# paint name for schwinn phantom



## sfhschwinn (Jul 20, 2014)

hi, If anyone can help I need to know what the paint name was for a 1952 Schwinn phantom. Was it radiant red or flamboyant red (if its one of these I can use one of my other bikes and take a chain guard with me as I have bikes in both of these reds.) I am going to Sherwin Williams tomorrow to have them mix the paint for a restoration. The only place on the bike with original paint is in the head tube so their machine will most likely not be able to match it. I have my original phantom but the red has turned to orange from the years and I cant use it. Thanks for the help. If anyone has a color code for the red paint for Sherwin Williams that would be even better!


----------



## GTs58 (Jul 20, 2014)

The candy colors you mentioned were not used in 1952. Is your Phantom a red or black? Not sure if his red is the same red that was used on a Phantom. http://www.vintageschwinn.com/paint.html#


----------



## sfhschwinn (Jul 20, 2014)

the phantom I am restoring is black. i saw that red but I don't know what it is called as I will be using a pro paint gun with a compressor not a spray can


----------



## GTs58 (Jul 20, 2014)

I guess it was just called Red, or Bright Red as said here. http://thecabe.com/vbulletin/showthread.php?19043-New-VintageSchwinn-com-paints-and-PRIMER-!!

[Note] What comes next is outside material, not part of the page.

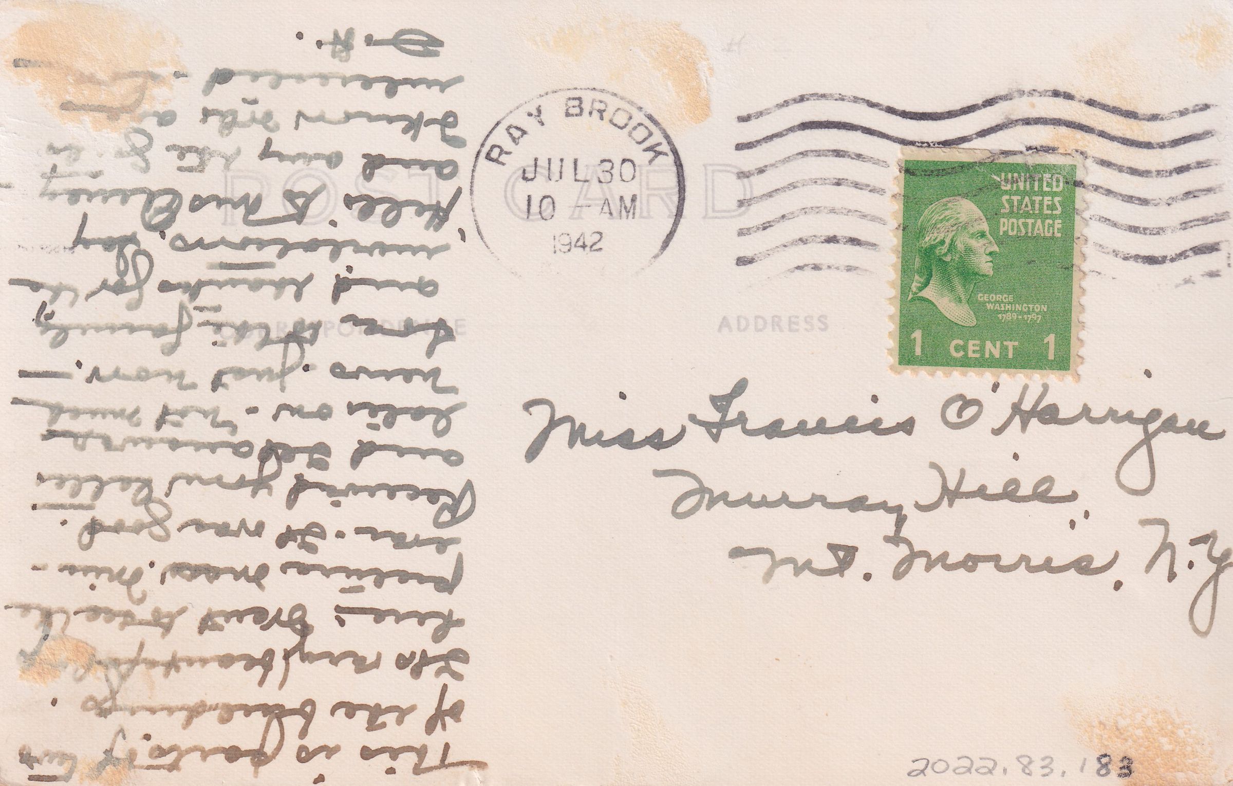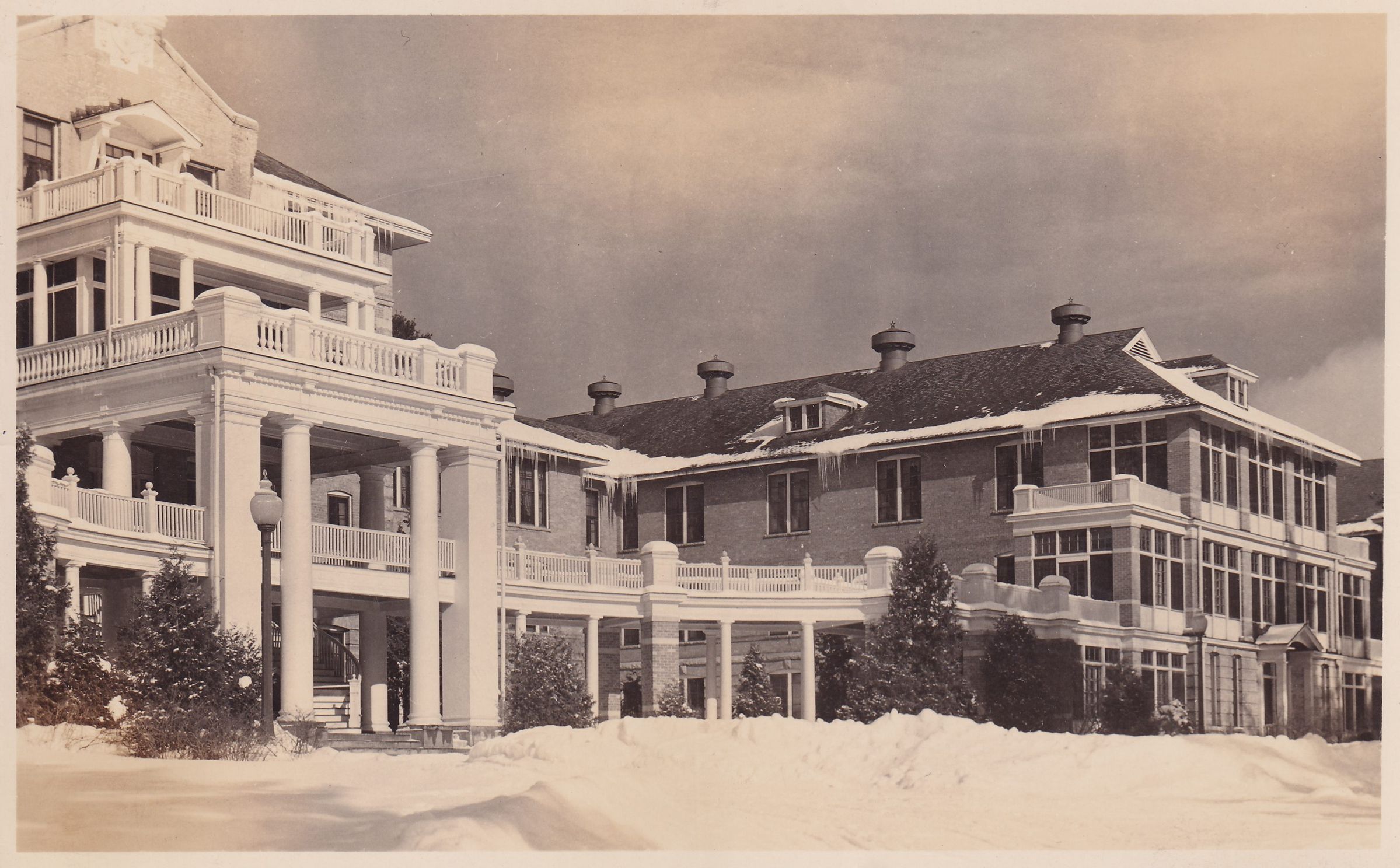 Photograph postcard showing the Main Building at the New York State Sanatorium for Incipient Tuberculosis, AKA Ray Brook Sanatorium, in the snow. Used, white border, postmarked Ray Brook, NY, July 30, 192. Handwritten message on back reads, "This is parts of two of the buildings. It’s real beautiful up here. Went to see the picture Mrs. Miniver. It was good. Received your letter and I'll answer later on. Not much news. Just work. Love to the family and thanks for the invitations. Say ‘Hello’ to Mrs. [?] and all the girls. I know we are [?]. Love D.H." Mailed to Miss Francis O’Harrigan, Murray Hill, Mt. Morris, NY.Subject Place

There was a member at the SBF that posted a color code for the Phantoms but I cannot do a search on that site. My membership there has been severely restricted.


----------



## island schwinn (Jul 21, 2014)

this is the thread GT mentioned:

After getting 2-3 different NOS parts scanned by the 3 different paint manufacturers here are the results:

Acrylic Enamel
These are Dupont codes:
Red for the early frame chain guards/fronts and Red Phantom red  94460 ID D code R97-4 Roma Red 96 HONDA touch paint
Black  99 Black
White any of 3 bright whites for striping

touchup paint available from any Honda Dealer or parts store

This eliminates the need for the way over priced and horrendous shipping ebay spray bombs and their premixed 1/2 pint cans.

1 full pint of the red cost me <$53.00 compared to those 60 dollar 1/2 pints plus shipping from the ebay guys...


----------



## mruiz (Jul 21, 2014)

*V/R*

Thanks for the tip, and sharing.
 Now if we can get the Green 1954 paint color code?
 Than you


----------



## Freqman1 (Jul 21, 2014)

I need the codes for the blue Phantom to include the silver base coat. V/r Shawn


----------



## sfhschwinn (Jul 21, 2014)

I just got back from Sherwin Williams. They used the red paint under the headbadge on my 1949 Phantom to match it. Surprisingly, they had a red already mixed that I would say is a 99.9% match. Remember each red was different depending on when it went into the vat, the first was different from the last. The RED paint code is..... Safety Red 6403-25734 Oil Based Gloss Enamel. I will post this as another post in the restoration tips forum.


----------